-- Opening Marker --
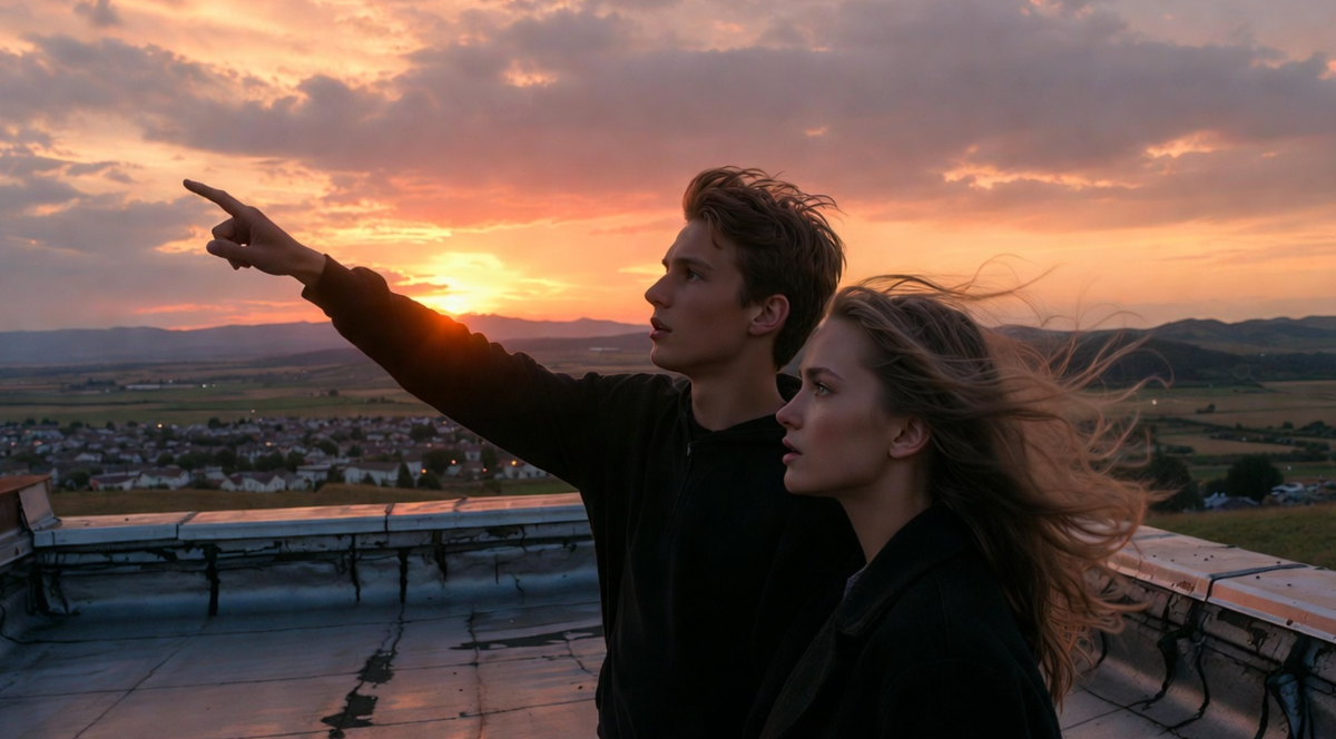 Финальная точка: Крыша мастерской. Вернувшись к студии, Марк, к её удивлению, повёл её не внутрь, а по старой, скрипучей лестнице на чердак, а оттуда — через люк на плоскую, покатую крышу, покрытую древним, потрескавшимся гудроном. Вид открывался на весь городок, на бескрайние поля за ним и на огромное, расцвеченное закатом небо.
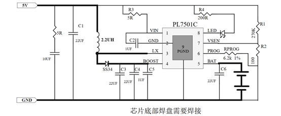 5V输入,升压型号,充电电流 1A,双节锂电池充电管理芯片 PL7501C
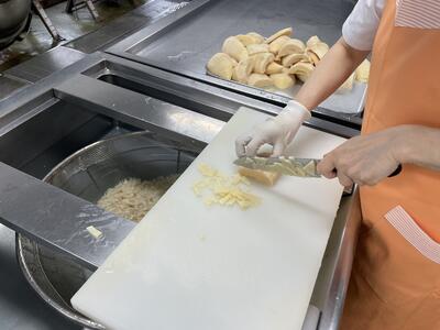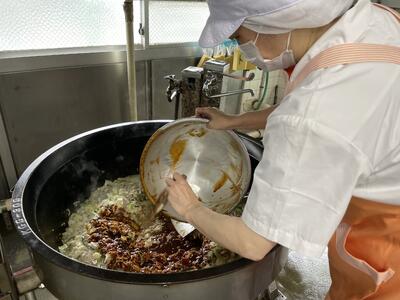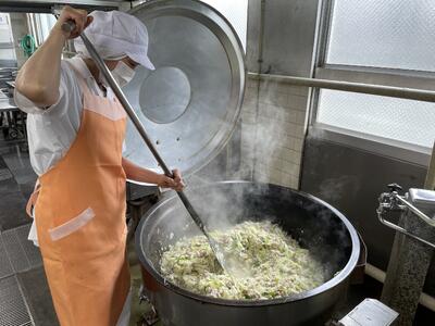 給食ではサッと加熱するということはできないので(中心温度を3か所で測り、それぞれ90度以上まで加熱)、
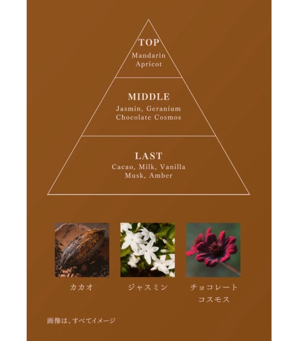 あまくとろけるようなリッチなカカオの香り。香りの一部に天然精油をブレンド。ふんわり広がるフローラルとミルクのあたたかみのあるあまさでほろ苦いカカオのリッチな香りを引き立てています。
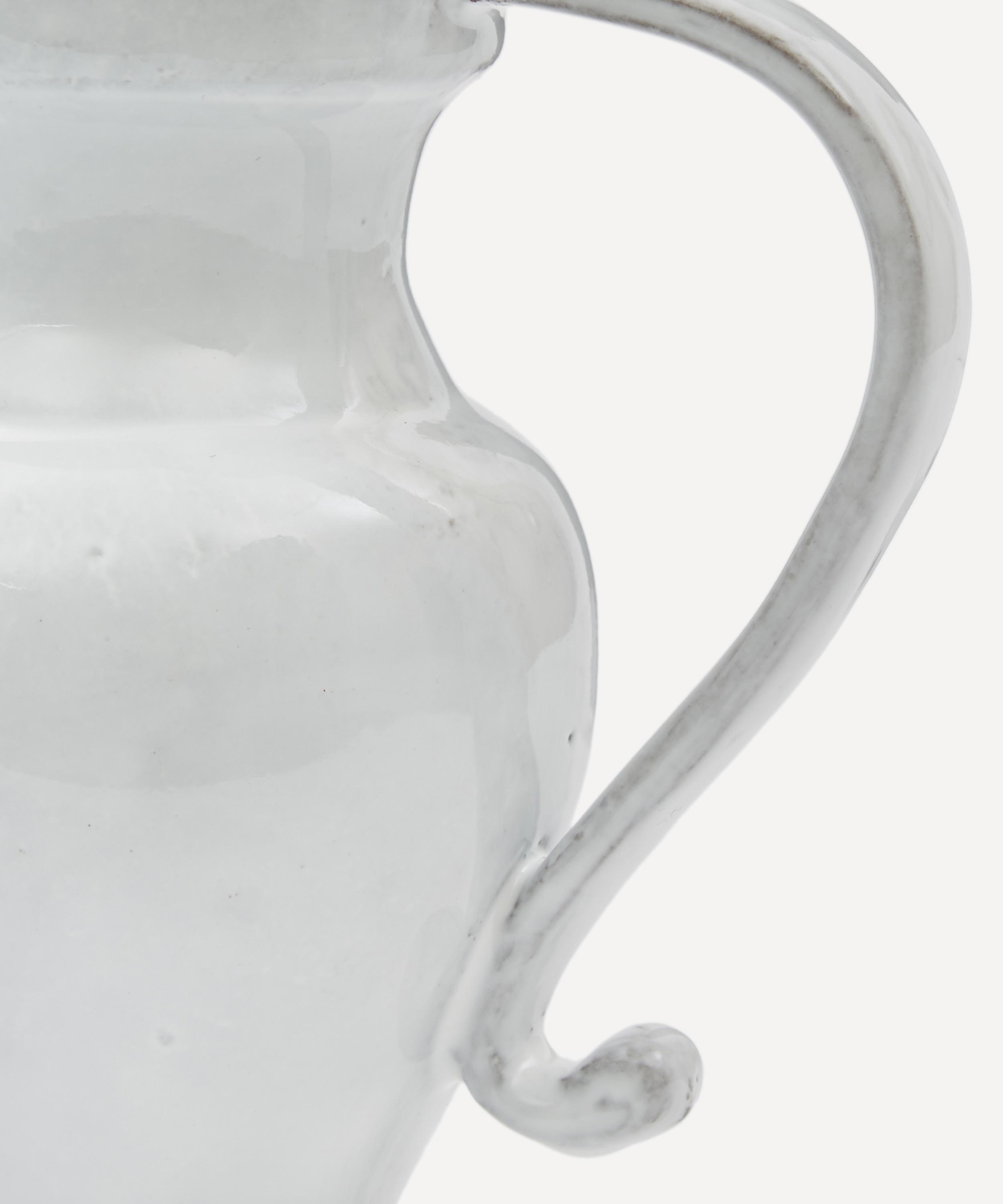 Votary of pre-industrial fabrication, Astier de Villatte is celebrated for being the one and only studio in Paris to hold and harbour the traditions of artisanal ceramic production. Restoring the ancestral systems of moulding and stamping, the Colbert small pitcher is made using handcrafting techniques from the Middle Ages which involve moulding a handmade sheet of clay, double firing the ‘biscuit’ piece and glazing the product in white enamel – a lengthy process that involves a drying time of up to one month. Characterised by an opulent spout and curvacious form and handle, the Colbert small pitcher is engraved with the brand’s signature crest – depicting an interlacing A & V – alongside the initials of one of the 40 master artisans who created it. Each handmade piece tells a beautiful story, it romances and imparts a sense of nostalgia into its owner. Use it to serve up hot or cold drinks at breakfast or family barbeques.
-- Closing Marker --
* **Work request**:
An exact reproduction of the data is required, with pictures excluded.

* **Solution**:
 Финальная точка: Крыша мастерской. Вернувшись к студии, Марк, к её удивлению, повёл её не внутрь, а по старой, скрипучей лестнице на чердак, а оттуда — через люк на плоскую, покатую крышу, покрытую древним, потрескавшимся гудроном. Вид открывался на весь городок, на бескрайние поля за ним и на огромное, расцвеченное закатом небо.
 5V输入,升压型号,充电电流 1A,双节锂电池充电管理芯片 PL7501C
 給食ではサッと加熱するということはできないので(中心温度を3か所で測り、それぞれ90度以上まで加熱)、
 あまくとろけるようなリッチなカカオの香り。香りの一部に天然精油をブレンド。ふんわり広がるフローラルとミルクのあたたかみのあるあまさでほろ苦いカカオのリッチな香りを引き立てています。
 Votary of pre-industrial fabrication, Astier de Villatte is celebrated for being the one and only studio in Paris to hold and harbour the traditions of artisanal ceramic production. Restoring the ancestral systems of moulding and stamping, the Colbert small pitcher is made using handcrafting techniques from the Middle Ages which involve moulding a handmade sheet of clay, double firing the ‘biscuit’ piece and glazing the product in white enamel – a lengthy process that involves a drying time of up to one month. Characterised by an opulent spout and curvacious form and handle, the Colbert small pitcher is engraved with the brand’s signature crest – depicting an interlacing A & V – alongside the initials of one of the 40 master artisans who created it. Each handmade piece tells a beautiful story, it romances and imparts a sense of nostalgia into its owner. Use it to serve up hot or cold drinks at breakfast or family barbeques.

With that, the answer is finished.